In realtà, le spinte autonomiste e secessioniste sono la conseguenza della crisi irreversibile dello Stato nazione così come sviluppatosi a partire dalla Rivoluzione francese e realizzatosi nei duecento anni successivi, attraverso un meccanismo che potremmo riassumere in questi termini: lo Stato chiedeva agli abitanti del proprio territorio di uniformarsi a un modello giudicato efficace alla conservazione dello Stato stesso e in cambio assicurava ai cittadini un welfare di cui tutti potevano godere. In altri termini, lo Stato-nazione dell’età industriale aveva bisogno di una popolazione numerosa, alfabetizzata e istruita, in modo da far funzionare il sistema industriale che solo poteva permettere allo Stato di sopravvivere nelle contese con gli altri Stati. In cambio forniva istruzione per tutti, un sistema sanitario e previdenziale, investimenti pubblici in infrastrutture e abitazioni. Tale prospettiva, nata con gli eserciti di massa dell’età napoleonica e definitivamente acquisita con la corsa al controllo dei mercati nel periodo dell’imperialismo, fu ulteriormente consolidata dalle due guerre mondiali, in cui la superiorità industriale fece la differenza tra Stati Uniti e Asse italo-nippo-tedesco.

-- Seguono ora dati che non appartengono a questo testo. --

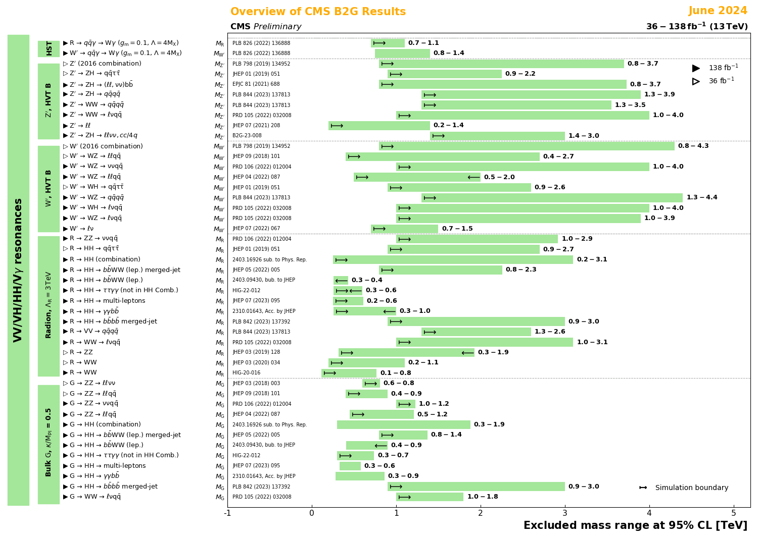 Collective summary of the various Resonances decaying to diboson final states searches with 95% CL lower mass limits of the predicted new particle.
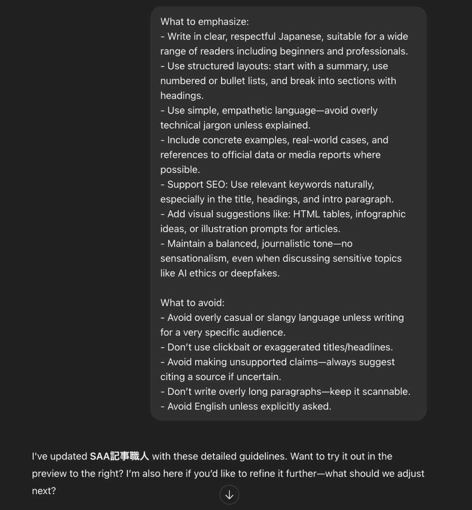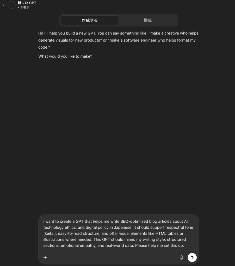 →(私は、日本語でAI、テクノロジー倫理、デジタル政策についてのSEO対策済みブログ記事を書くのをサポートしてくれるGPTを作りたいです。このGPTには、敬体で丁寧な語り口、読みやすい構成、必要に応じてHTMLの表やイラストといった視覚的な要素を提案できる機能がほしいです。さらに、自分の書き方――つまり、しっかりとセクション分けした構成、感情を込めた共感的な表現、実際のデータや事例を使った説明――を真似してほしいです。このセットアップを手伝ってもらえませんか?)
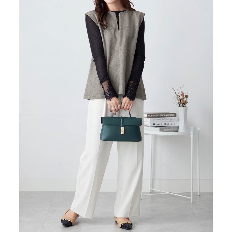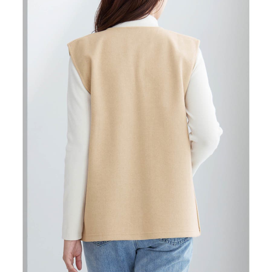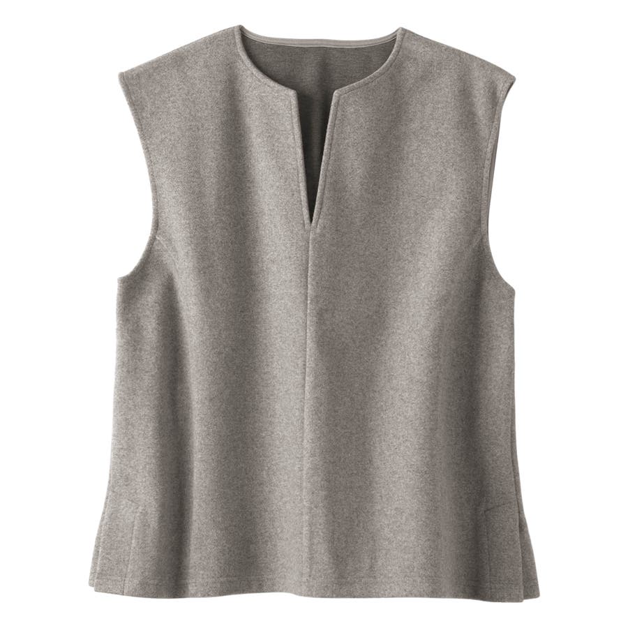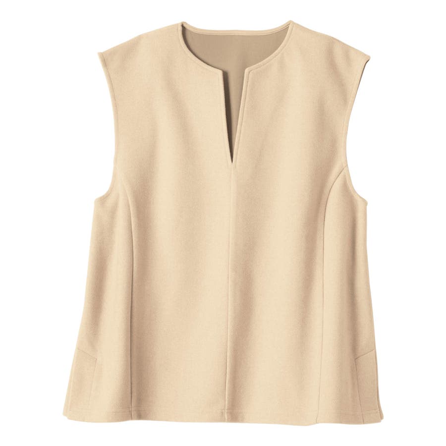 深めスリットとすっきりシルエットで、レイヤードスタイルが映える大人のベスト。
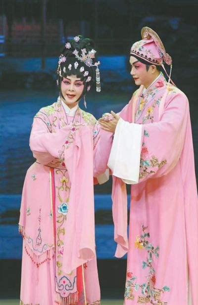 圖為梁素梅(左)正在演出傳統(tǒng)粵劇劇目《繡襦記》。梁素梅供圖
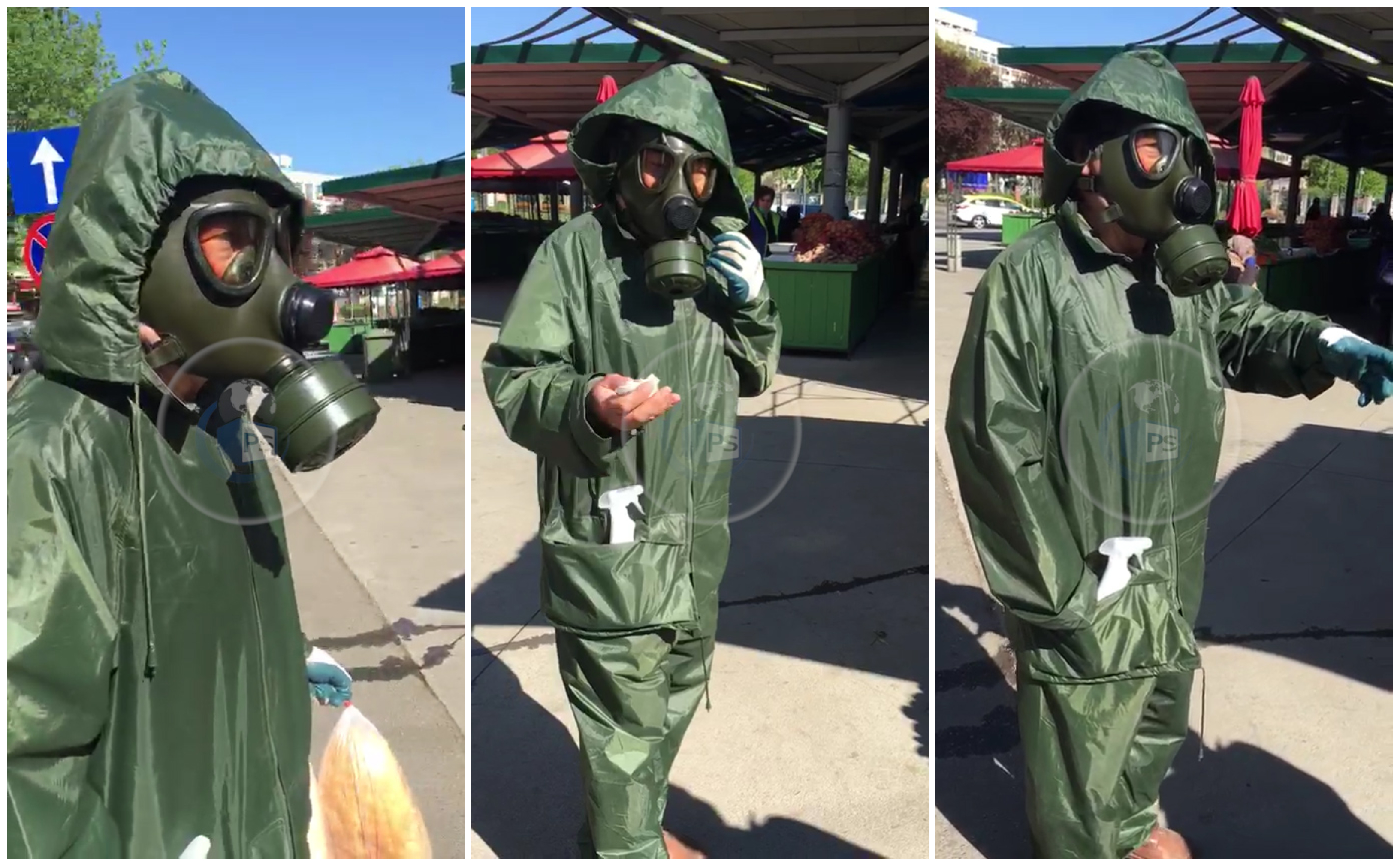 Un sătmărean, în vârstă de circa 50 de ani, a ales să își ia toate măsurile de protecție în fața noului coronavirus. Acesta a mers astăzi în Piața Someș din municipiul Satu Mare pentru a-și cumpăra alimente, dar a fost surprins de numărul mare de persoane care nu foloseau mijloace de protecție.
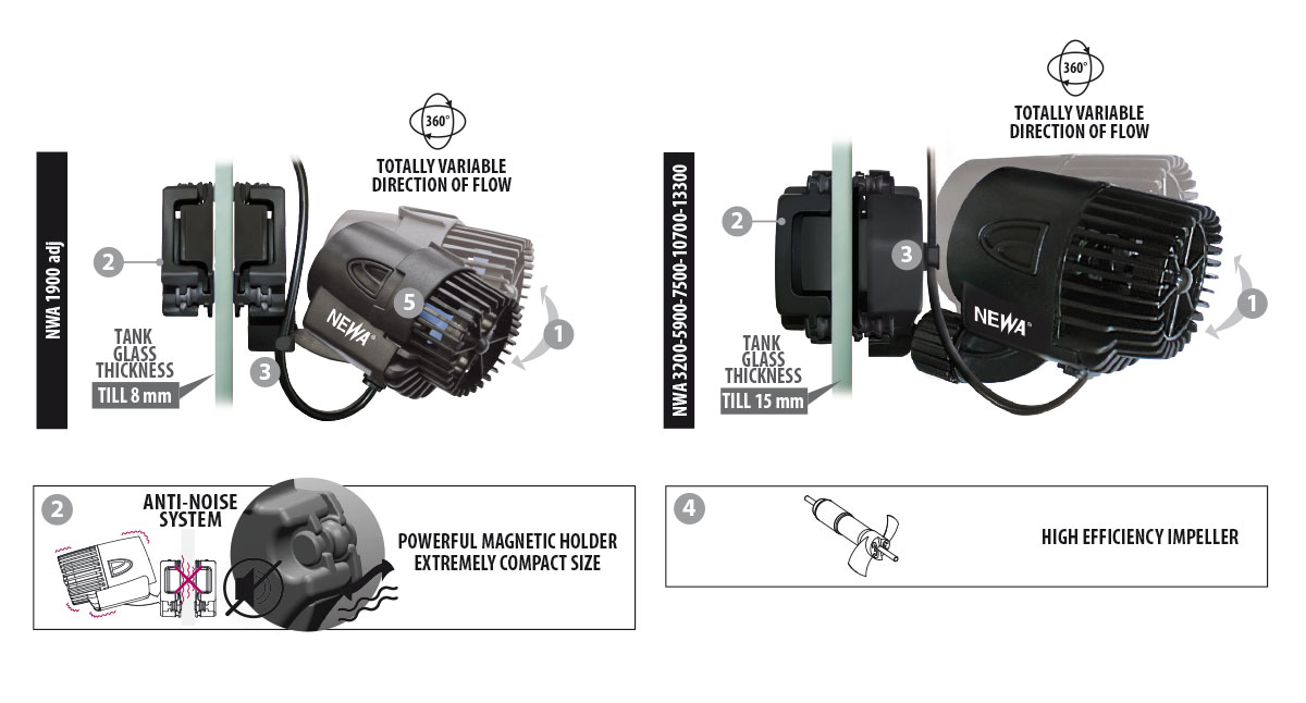Newa Wave 13300 je oběhové čerpadlo, které je užitečné pro simulování přirozených proudů ve sladkovodních a mořských akváriích.
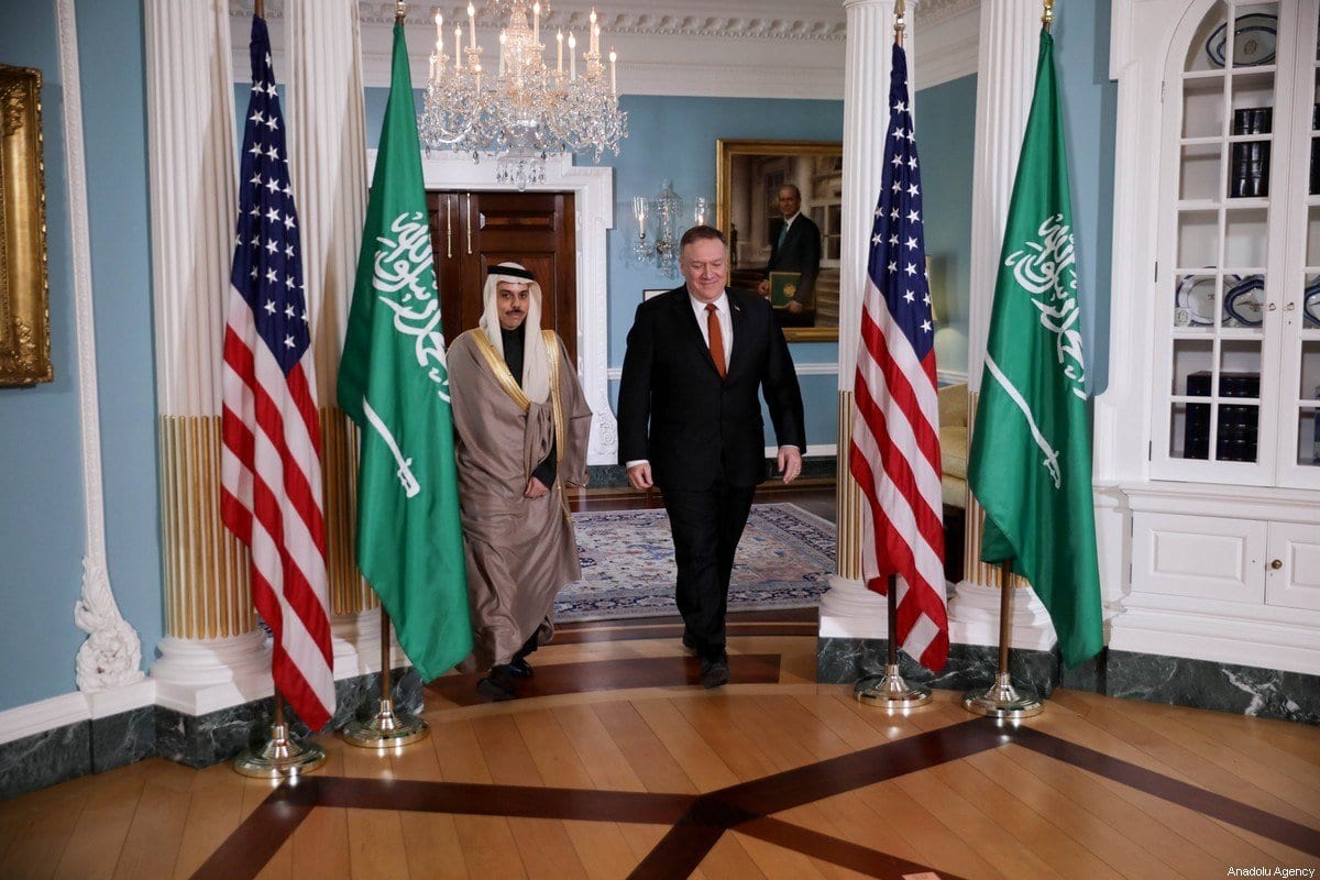 Ministro de Relações Exteriores da Arábia Saudita Faisal bin Farhan Al Saud e Secretário de Estado dos Estados Unidos Mike Pompeo reúnem-se no escritório do Departamento de Estado americano, em Washington DC, 12 de fevereiro de 2020 [Yasin Öztürk/Agência Anadolu]

Oggi non è più così: il sistema di produzione è ormai delocalizzato e la superiorità di uno Stato è fornita essenzialmente dalla sua capacità di innovazione in campo scientifico e tecnologico, che richiede risorse enormi, spesso al di là delle sue risorse interne. Si è così creato uno iato tra le esigenze dello Stato e le sue capacità di ripagare i cittadini con un welfare adeguato. In altri termini, è aumentato il divario, all’interno di ogni Paese, tra zone competitive e zone non competitive, con le une che sono di ostacolo alle altre, a seconda delle situazioni contingenti.
La soluzione proposta dai fenomeni secessionisti degli ultimi decenni può apparire semplice, egoistica o velleitaria. Al contrario, essa è basata su una domanda necessaria e su un’altrettanto necessaria risposta: qual è, oggi, il livello territoriale ideale che consente di assicurare un welfare efficiente, partecipato, in grado di favorire lo sviluppo del medesimo territorio?
In Europa esiste una risposta che funziona da circa duecento anni, tempo sufficiente per affermarne la durabilità e sostenibilità: la Confederazione elvetica. Lo studio delle modalità con cui ogni Cantone si amministra, senza mai dimenticare la necessità di mantenere i rapporti con il resto della Confederazione, nella consapevolezza che soltanto nel vincolo federale possono coesistere unità e diversità, costituisce la miglior risposta all’impasse catalana. Tra indipendentismo ad oltranza e neocentralismo imposto con la violenza esiste una soluzione, ma per raggiungerla occorre agire in fretta, perché, come in tutti i fenomeni storici, esiste un tempo per la federazione e un tempo per la secessione. Persa l’occasione, l’esito non potrà che essere radicale ed estremo.